• Your objective:
Give the lines below again, exactly as they stand, and leave out the images.

═════ Provided material

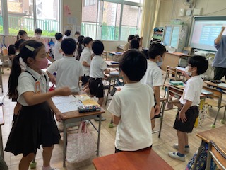 覚えたフレーズを使ってあいさつをした後、ジャンケンをしました。どんどん使っていきます。
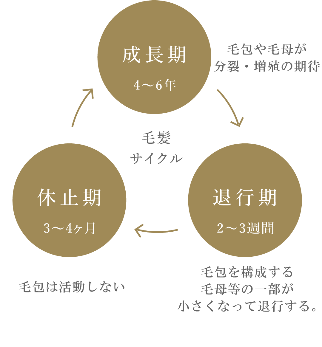当院の毛髪組織再生治療は、この退行期と休止期にあるアポトーシスの数を減少させる抗アポトーシス作用を促し、毛包周囲の新生血管増生作用や毛母細胞の増殖を促進させるIGF-1(インスリン様増殖因子)がさらに毛根ステムセルの分化を促し、毛周期の成長期を延長させることが期待できます。
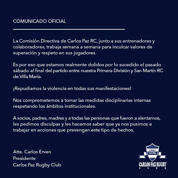 Desde la Comisión Directiva del Carlos Paz se mostraron “dolidos por lo sucedido”, repudiando el acto de violencia del último sábado y además declararon su compromiso para “tomar las medidas disciplinarias internas respetando los ámbitos institucionales”.

══════════

• Solution for this problem:
 覚えたフレーズを使ってあいさつをした後、ジャンケンをしました。どんどん使っていきます。
当院の毛髪組織再生治療は、この退行期と休止期にあるアポトーシスの数を減少させる抗アポトーシス作用を促し、毛包周囲の新生血管増生作用や毛母細胞の増殖を促進させるIGF-1(インスリン様増殖因子)がさらに毛根ステムセルの分化を促し、毛周期の成長期を延長させることが期待できます。
 Desde la Comisión Directiva del Carlos Paz se mostraron “dolidos por lo sucedido”, repudiando el acto de violencia del último sábado y además declararon su compromiso para “tomar las medidas disciplinarias internas respetando los ámbitos institucionales”.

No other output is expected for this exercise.